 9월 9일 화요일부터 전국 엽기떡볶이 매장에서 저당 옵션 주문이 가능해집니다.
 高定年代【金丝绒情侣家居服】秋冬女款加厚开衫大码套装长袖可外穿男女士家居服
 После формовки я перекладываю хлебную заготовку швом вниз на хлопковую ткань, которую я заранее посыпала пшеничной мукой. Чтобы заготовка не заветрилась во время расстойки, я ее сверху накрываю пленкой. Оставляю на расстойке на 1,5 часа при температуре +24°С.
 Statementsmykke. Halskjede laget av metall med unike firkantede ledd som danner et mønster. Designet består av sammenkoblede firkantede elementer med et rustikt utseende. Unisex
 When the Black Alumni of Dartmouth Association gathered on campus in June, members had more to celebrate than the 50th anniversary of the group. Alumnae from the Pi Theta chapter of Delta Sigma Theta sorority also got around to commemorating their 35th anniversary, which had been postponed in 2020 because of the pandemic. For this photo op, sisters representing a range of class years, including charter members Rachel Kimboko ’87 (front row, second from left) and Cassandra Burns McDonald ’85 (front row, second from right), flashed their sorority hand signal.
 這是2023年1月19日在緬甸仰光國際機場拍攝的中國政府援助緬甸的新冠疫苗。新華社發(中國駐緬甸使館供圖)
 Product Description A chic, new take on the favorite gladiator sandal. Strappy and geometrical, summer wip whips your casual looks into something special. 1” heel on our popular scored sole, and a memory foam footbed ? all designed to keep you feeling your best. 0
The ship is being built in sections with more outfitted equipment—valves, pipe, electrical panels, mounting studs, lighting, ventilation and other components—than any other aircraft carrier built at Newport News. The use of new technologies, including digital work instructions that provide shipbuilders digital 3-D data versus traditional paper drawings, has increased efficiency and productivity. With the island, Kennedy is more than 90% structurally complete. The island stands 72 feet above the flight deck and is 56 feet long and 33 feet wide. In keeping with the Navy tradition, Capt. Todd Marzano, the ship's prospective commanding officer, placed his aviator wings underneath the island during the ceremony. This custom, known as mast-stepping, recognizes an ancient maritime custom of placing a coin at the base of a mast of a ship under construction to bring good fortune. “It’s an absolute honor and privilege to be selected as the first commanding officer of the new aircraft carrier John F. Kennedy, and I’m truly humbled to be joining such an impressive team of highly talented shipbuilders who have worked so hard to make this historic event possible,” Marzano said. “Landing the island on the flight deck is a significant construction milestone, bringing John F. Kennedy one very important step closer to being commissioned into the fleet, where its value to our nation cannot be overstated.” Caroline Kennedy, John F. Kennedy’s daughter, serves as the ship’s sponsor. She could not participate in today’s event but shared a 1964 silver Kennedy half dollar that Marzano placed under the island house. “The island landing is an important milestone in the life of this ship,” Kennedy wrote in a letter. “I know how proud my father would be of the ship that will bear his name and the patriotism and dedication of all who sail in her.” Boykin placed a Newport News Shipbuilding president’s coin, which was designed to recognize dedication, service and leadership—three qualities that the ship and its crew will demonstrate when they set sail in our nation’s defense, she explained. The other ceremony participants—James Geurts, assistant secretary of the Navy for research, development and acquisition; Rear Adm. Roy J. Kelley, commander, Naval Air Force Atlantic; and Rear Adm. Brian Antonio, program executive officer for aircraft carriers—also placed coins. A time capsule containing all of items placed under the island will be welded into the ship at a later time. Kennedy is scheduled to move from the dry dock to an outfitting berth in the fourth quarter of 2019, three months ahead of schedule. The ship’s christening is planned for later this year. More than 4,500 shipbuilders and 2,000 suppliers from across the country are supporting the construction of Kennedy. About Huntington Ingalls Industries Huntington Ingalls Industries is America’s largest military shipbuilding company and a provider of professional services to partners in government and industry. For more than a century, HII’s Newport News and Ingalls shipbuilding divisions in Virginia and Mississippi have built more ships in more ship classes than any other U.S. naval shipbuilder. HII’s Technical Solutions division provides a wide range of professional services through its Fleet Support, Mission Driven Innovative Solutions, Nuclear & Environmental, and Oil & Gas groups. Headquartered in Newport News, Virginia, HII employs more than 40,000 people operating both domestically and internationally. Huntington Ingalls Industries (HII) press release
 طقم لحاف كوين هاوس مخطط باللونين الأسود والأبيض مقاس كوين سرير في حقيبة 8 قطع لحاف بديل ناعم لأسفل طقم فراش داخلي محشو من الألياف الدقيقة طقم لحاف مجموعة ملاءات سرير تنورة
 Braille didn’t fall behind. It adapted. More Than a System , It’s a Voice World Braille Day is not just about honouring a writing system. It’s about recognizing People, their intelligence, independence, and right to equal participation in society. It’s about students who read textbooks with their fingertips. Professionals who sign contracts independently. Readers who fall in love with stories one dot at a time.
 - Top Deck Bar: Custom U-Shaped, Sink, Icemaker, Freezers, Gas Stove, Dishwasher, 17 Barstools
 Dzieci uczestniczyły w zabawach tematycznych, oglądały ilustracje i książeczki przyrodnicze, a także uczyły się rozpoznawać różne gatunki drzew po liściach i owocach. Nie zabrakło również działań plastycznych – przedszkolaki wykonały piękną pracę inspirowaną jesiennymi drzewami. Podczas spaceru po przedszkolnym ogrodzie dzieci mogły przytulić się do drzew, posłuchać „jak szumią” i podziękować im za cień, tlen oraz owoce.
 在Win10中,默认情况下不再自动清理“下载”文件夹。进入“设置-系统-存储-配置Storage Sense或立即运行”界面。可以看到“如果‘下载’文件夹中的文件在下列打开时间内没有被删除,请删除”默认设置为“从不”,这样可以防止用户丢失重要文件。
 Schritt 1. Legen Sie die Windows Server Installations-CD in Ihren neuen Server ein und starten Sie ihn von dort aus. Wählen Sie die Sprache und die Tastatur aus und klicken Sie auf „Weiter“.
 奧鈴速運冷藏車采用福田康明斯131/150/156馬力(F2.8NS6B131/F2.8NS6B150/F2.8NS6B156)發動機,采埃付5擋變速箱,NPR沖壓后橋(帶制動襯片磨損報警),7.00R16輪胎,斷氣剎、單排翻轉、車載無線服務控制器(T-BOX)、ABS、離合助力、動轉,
====================
All the lines above should come back exactly as written.

 9월 9일 화요일부터 전국 엽기떡볶이 매장에서 저당 옵션 주문이 가능해집니다.
 高定年代【金丝绒情侣家居服】秋冬女款加厚开衫大码套装长袖可外穿男女士家居服
 После формовки я перекладываю хлебную заготовку швом вниз на хлопковую ткань, которую я заранее посыпала пшеничной мукой. Чтобы заготовка не заветрилась во время расстойки, я ее сверху накрываю пленкой. Оставляю на расстойке на 1,5 часа при температуре +24°С.
 Statementsmykke. Halskjede laget av metall med unike firkantede ledd som danner et mønster. Designet består av sammenkoblede firkantede elementer med et rustikt utseende. Unisex
 When the Black Alumni of Dartmouth Association gathered on campus in June, members had more to celebrate than the 50th anniversary of the group. Alumnae from the Pi Theta chapter of Delta Sigma Theta sorority also got around to commemorating their 35th anniversary, which had been postponed in 2020 because of the pandemic. For this photo op, sisters representing a range of class years, including charter members Rachel Kimboko ’87 (front row, second from left) and Cassandra Burns McDonald ’85 (front row, second from right), flashed their sorority hand signal.
 這是2023年1月19日在緬甸仰光國際機場拍攝的中國政府援助緬甸的新冠疫苗。新華社發(中國駐緬甸使館供圖)
 Product Description A chic, new take on the favorite gladiator sandal. Strappy and geometrical, summer wip whips your casual looks into something special. 1” heel on our popular scored sole, and a memory foam footbed ? all designed to keep you feeling your best. 0
The ship is being built in sections with more outfitted equipment—valves, pipe, electrical panels, mounting studs, lighting, ventilation and other components—than any other aircraft carrier built at Newport News. The use of new technologies, including digital work instructions that provide shipbuilders digital 3-D data versus traditional paper drawings, has increased efficiency and productivity. With the island, Kennedy is more than 90% structurally complete. The island stands 72 feet above the flight deck and is 56 feet long and 33 feet wide. In keeping with the Navy tradition, Capt. Todd Marzano, the ship's prospective commanding officer, placed his aviator wings underneath the island during the ceremony. This custom, known as mast-stepping, recognizes an ancient maritime custom of placing a coin at the base of a mast of a ship under construction to bring good fortune. “It’s an absolute honor and privilege to be selected as the first commanding officer of the new aircraft carrier John F. Kennedy, and I’m truly humbled to be joining such an impressive team of highly talented shipbuilders who have worked so hard to make this historic event possible,” Marzano said. “Landing the island on the flight deck is a significant construction milestone, bringing John F. Kennedy one very important step closer to being commissioned into the fleet, where its value to our nation cannot be overstated.” Caroline Kennedy, John F. Kennedy’s daughter, serves as the ship’s sponsor. She could not participate in today’s event but shared a 1964 silver Kennedy half dollar that Marzano placed under the island house. “The island landing is an important milestone in the life of this ship,” Kennedy wrote in a letter. “I know how proud my father would be of the ship that will bear his name and the patriotism and dedication of all who sail in her.” Boykin placed a Newport News Shipbuilding president’s coin, which was designed to recognize dedication, service and leadership—three qualities that the ship and its crew will demonstrate when they set sail in our nation’s defense, she explained. The other ceremony participants—James Geurts, assistant secretary of the Navy for research, development and acquisition; Rear Adm. Roy J. Kelley, commander, Naval Air Force Atlantic; and Rear Adm. Brian Antonio, program executive officer for aircraft carriers—also placed coins. A time capsule containing all of items placed under the island will be welded into the ship at a later time. Kennedy is scheduled to move from the dry dock to an outfitting berth in the fourth quarter of 2019, three months ahead of schedule. The ship’s christening is planned for later this year. More than 4,500 shipbuilders and 2,000 suppliers from across the country are supporting the construction of Kennedy. About Huntington Ingalls Industries Huntington Ingalls Industries is America’s largest military shipbuilding company and a provider of professional services to partners in government and industry. For more than a century, HII’s Newport News and Ingalls shipbuilding divisions in Virginia and Mississippi have built more ships in more ship classes than any other U.S. naval shipbuilder. HII’s Technical Solutions division provides a wide range of professional services through its Fleet Support, Mission Driven Innovative Solutions, Nuclear & Environmental, and Oil & Gas groups. Headquartered in Newport News, Virginia, HII employs more than 40,000 people operating both domestically and internationally. Huntington Ingalls Industries (HII) press release
 طقم لحاف كوين هاوس مخطط باللونين الأسود والأبيض مقاس كوين سرير في حقيبة 8 قطع لحاف بديل ناعم لأسفل طقم فراش داخلي محشو من الألياف الدقيقة طقم لحاف مجموعة ملاءات سرير تنورة
 Braille didn’t fall behind. It adapted. More Than a System , It’s a Voice World Braille Day is not just about honouring a writing system. It’s about recognizing People, their intelligence, independence, and right to equal participation in society. It’s about students who read textbooks with their fingertips. Professionals who sign contracts independently. Readers who fall in love with stories one dot at a time.
 - Top Deck Bar: Custom U-Shaped, Sink, Icemaker, Freezers, Gas Stove, Dishwasher, 17 Barstools
 Dzieci uczestniczyły w zabawach tematycznych, oglądały ilustracje i książeczki przyrodnicze, a także uczyły się rozpoznawać różne gatunki drzew po liściach i owocach. Nie zabrakło również działań plastycznych – przedszkolaki wykonały piękną pracę inspirowaną jesiennymi drzewami. Podczas spaceru po przedszkolnym ogrodzie dzieci mogły przytulić się do drzew, posłuchać „jak szumią” i podziękować im za cień, tlen oraz owoce.
 在Win10中,默认情况下不再自动清理“下载”文件夹。进入“设置-系统-存储-配置Storage Sense或立即运行”界面。可以看到“如果‘下载’文件夹中的文件在下列打开时间内没有被删除,请删除”默认设置为“从不”,这样可以防止用户丢失重要文件。
 Schritt 1. Legen Sie die Windows Server Installations-CD in Ihren neuen Server ein und starten Sie ihn von dort aus. Wählen Sie die Sprache und die Tastatur aus und klicken Sie auf „Weiter“.
 奧鈴速運冷藏車采用福田康明斯131/150/156馬力(F2.8NS6B131/F2.8NS6B150/F2.8NS6B156)發動機,采埃付5擋變速箱,NPR沖壓后橋(帶制動襯片磨損報警),7.00R16輪胎,斷氣剎、單排翻轉、車載無線服務控制器(T-BOX)、ABS、離合助力、動轉,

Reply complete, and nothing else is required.